I remember sitting in one of the first classes of my second year of graduate school. I had just graduated with my Bachelor of Arts degree in economics. In conjunction with my regular undergraduate workload, I was taking the first year graduate school courses.
I had originally meant to enter the Environmental Studies program when I was transferring from my 7th year at community college. Once I entered UCSC I found out that one had to test into E.S. I also then heard of an accelerated Master’s of Science degree in Economics, which also meant taking the GRE’s. The minute I became aware that I was weighing the cost of getting into either program – having to take a test to enter, and the benefit – a B.S. in one year vs. an M.S. in two – well, it became very apparent where I should apply my efforts.

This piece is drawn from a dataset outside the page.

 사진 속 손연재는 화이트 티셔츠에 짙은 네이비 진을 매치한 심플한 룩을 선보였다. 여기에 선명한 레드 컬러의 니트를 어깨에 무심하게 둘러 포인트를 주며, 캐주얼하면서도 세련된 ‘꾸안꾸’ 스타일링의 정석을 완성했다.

So there we were, a handful of wide-eyed undergrads who slogged out a summer class giving us the necessary background in linear algebra to understand the basics of regression analysis. I didn’t even understand the latter part of that last sentence until the end of my first year of graduate school.

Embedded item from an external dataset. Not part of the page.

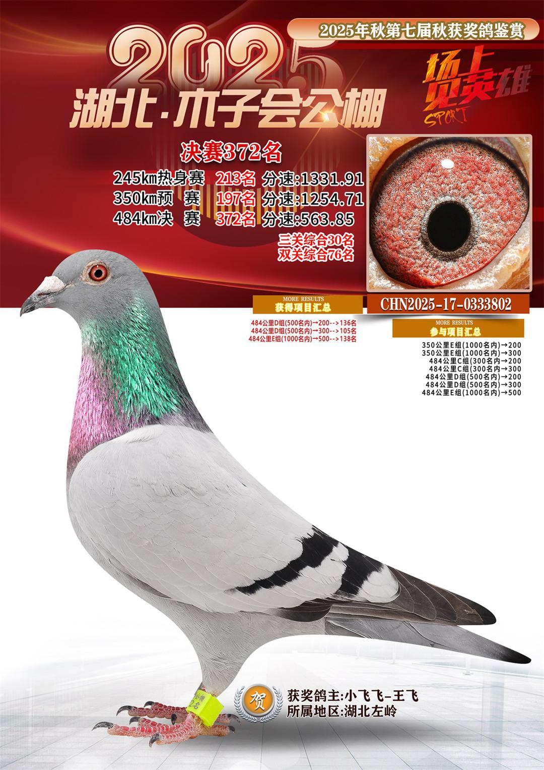 湖北省木子会公棚2025决赛372名小飞飞-王飞17-0333802湖北左岭获奖鸽展示!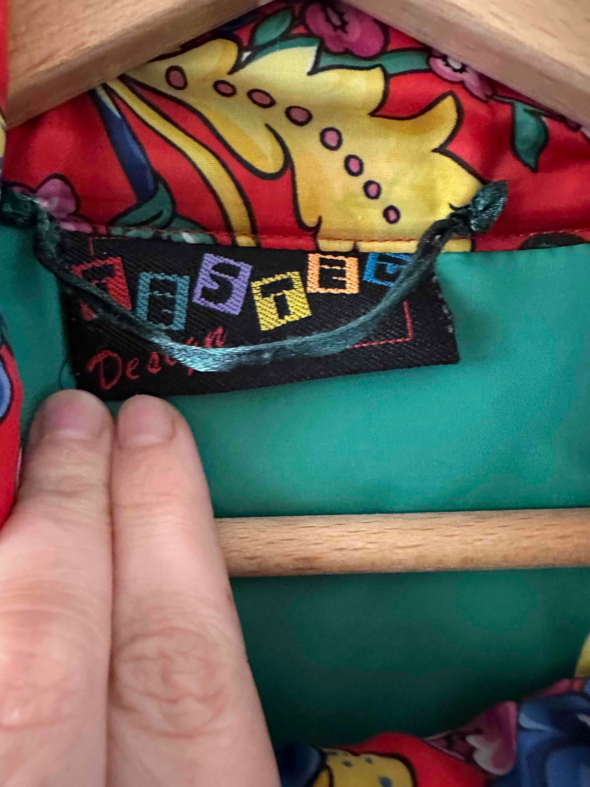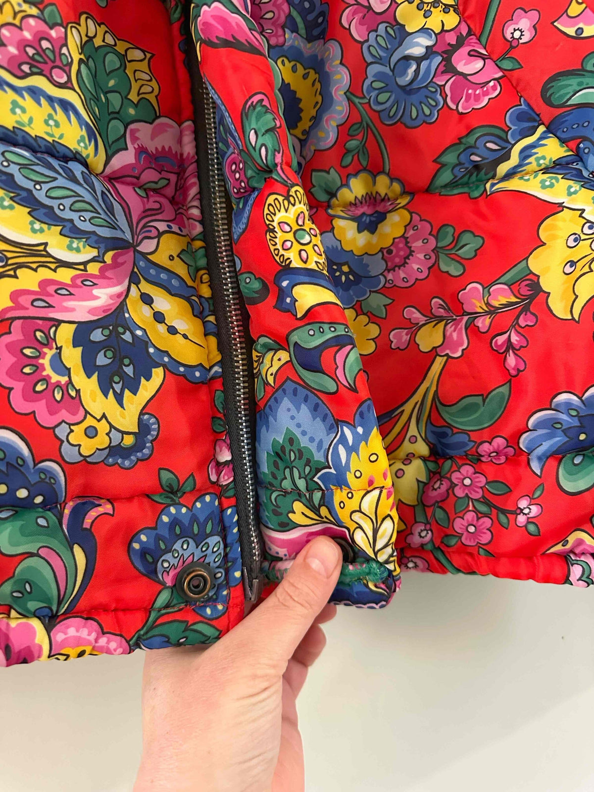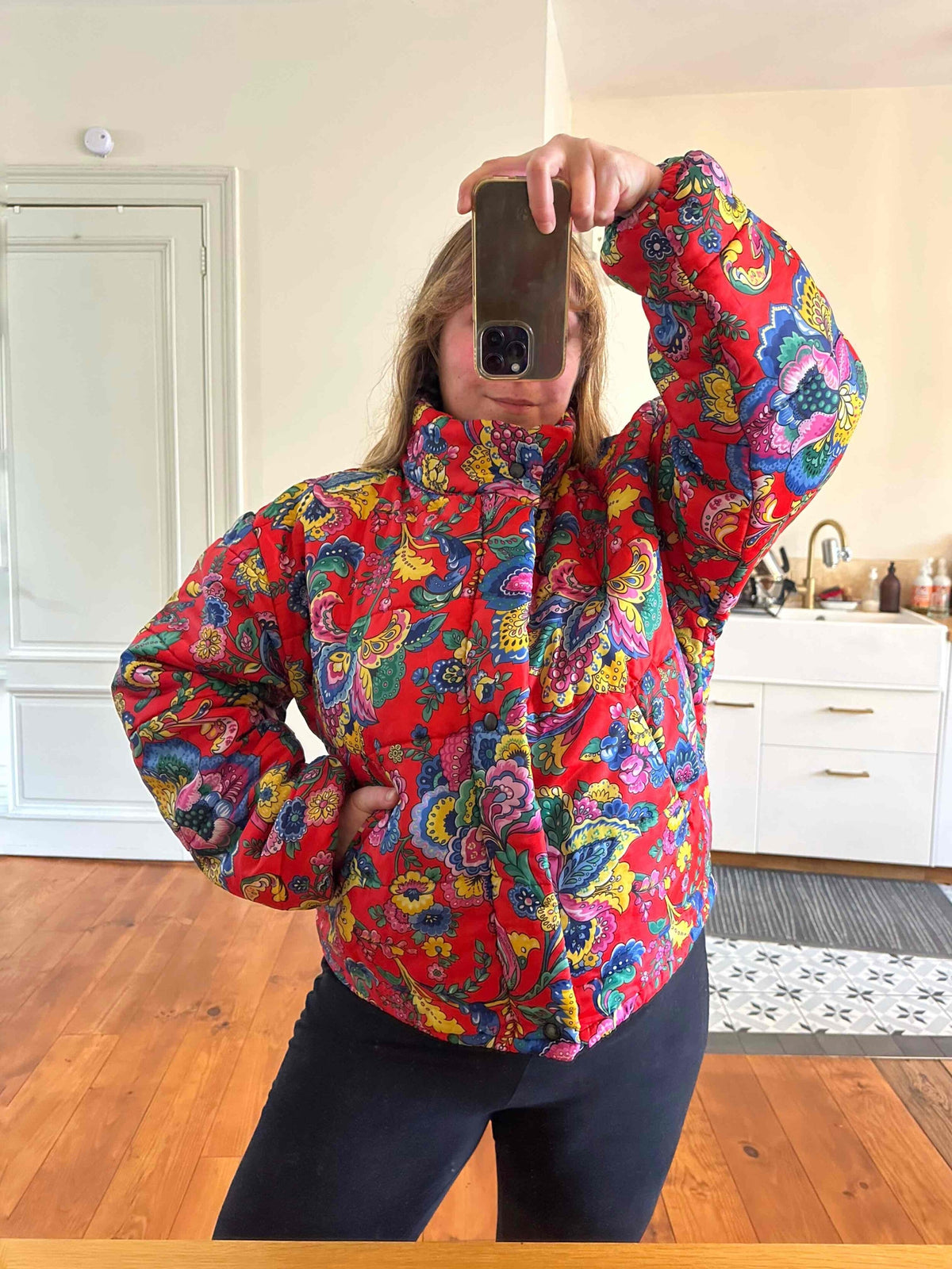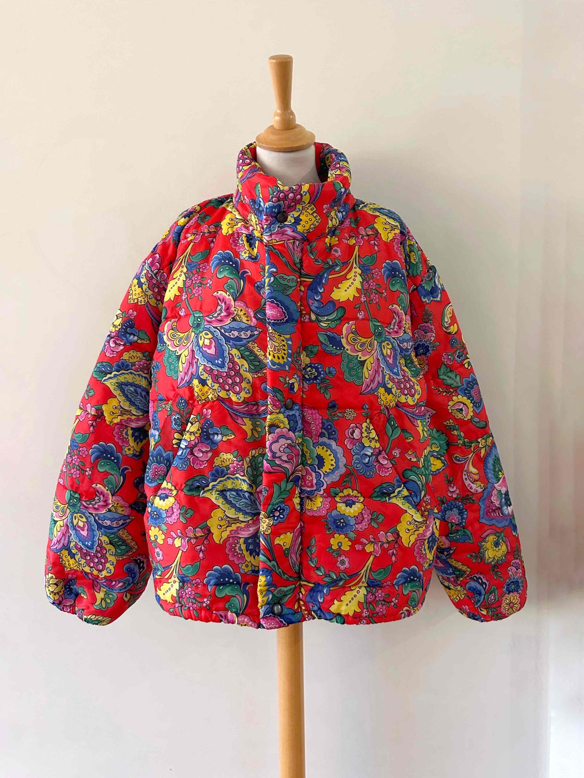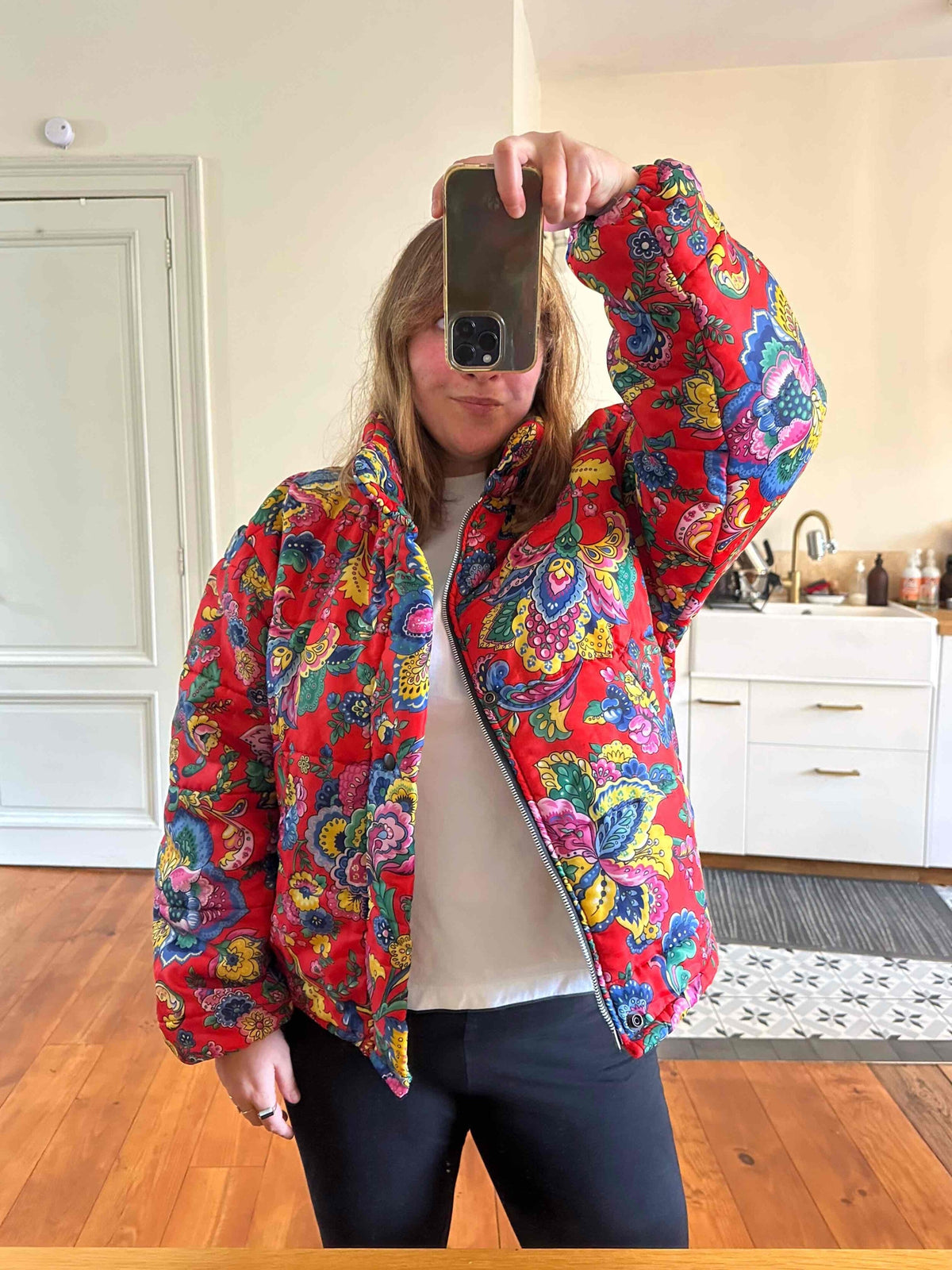 Unit price perDoudoune motifs paisley, en nylon rouges imprimé paisley multicolore, matelassée rembourrée, années 90s, convient aux tailles 36/38/40 porté ici sur un mannequin T36 et sur une personne T40.

That handful of us, many of which, as undergraduates made the same cost-benefit analysis as I, were thrown into the world of regression analysis and econometrics with the expectation to sink or swim with first year PhD candidates. We survived and here we were, freshly minted graduate students, already veterans on the path to receive an master’s degree. Those of us who salivated at the thought of getting an M.S. with only one year of graduate school and forgot to ask what we were going to study, finally understood what we were getting a degree for.
The guest professor that day, was guest lecturing from Stanford. I can’t remember his name, but he was personable and smart and had some great stories. He started telling a story about a friend of his in college who was such a geek that he would do things like perform cost-benefit analysis of his relationships and so forth. Not seconds after he started the story, my entire cohort turned around to look at me.

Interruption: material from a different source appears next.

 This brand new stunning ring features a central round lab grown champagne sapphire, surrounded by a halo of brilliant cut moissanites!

If economics is the allocation of scarce resources for competitive uses, then it would be appropriate to use understand it in terms of my most valuable resources – my time and attention.
Now there are people who would argue love would be valuable, if not even more valuable, but I like to think that love is infinite and is bounded only by my physical existence and my ability to stay conscious and focused- at least that is the reality tunnel I am in at the moment. I am sure that dedicating my life to meditation or psychedelics, I would be able to alter that tunnel, but as of yet I have not been so inspired.
The idea of the finiteness of my time and attention is summed up, for me, with the “Core Four.” This is the notion that a person can only maintain up to four really intimate, deep, connected, relationships at one time. I like to hope it is actually the “Core Six,” because given “Six Degrees of Separation” holds true and I can ensure that I have six relationships that move, touch, and inspire each of us to become better human beings, then we can move, touch, and inspire everyone on the planet to become better human beings.
The trick, I think, is to make sure the other six people don’t all share the same six people and you get a closed clique. What we want is an open chain with each node touching as many different nodes as possible.
Do I perform cost benefit on those six people? No. Cost-benefit for me has evolved only when my heart and gut cannot give me a proper answer. Those four to six relationships leave no question. Who does not want to be intimate and loved by the most inspirational and loving human beings you know.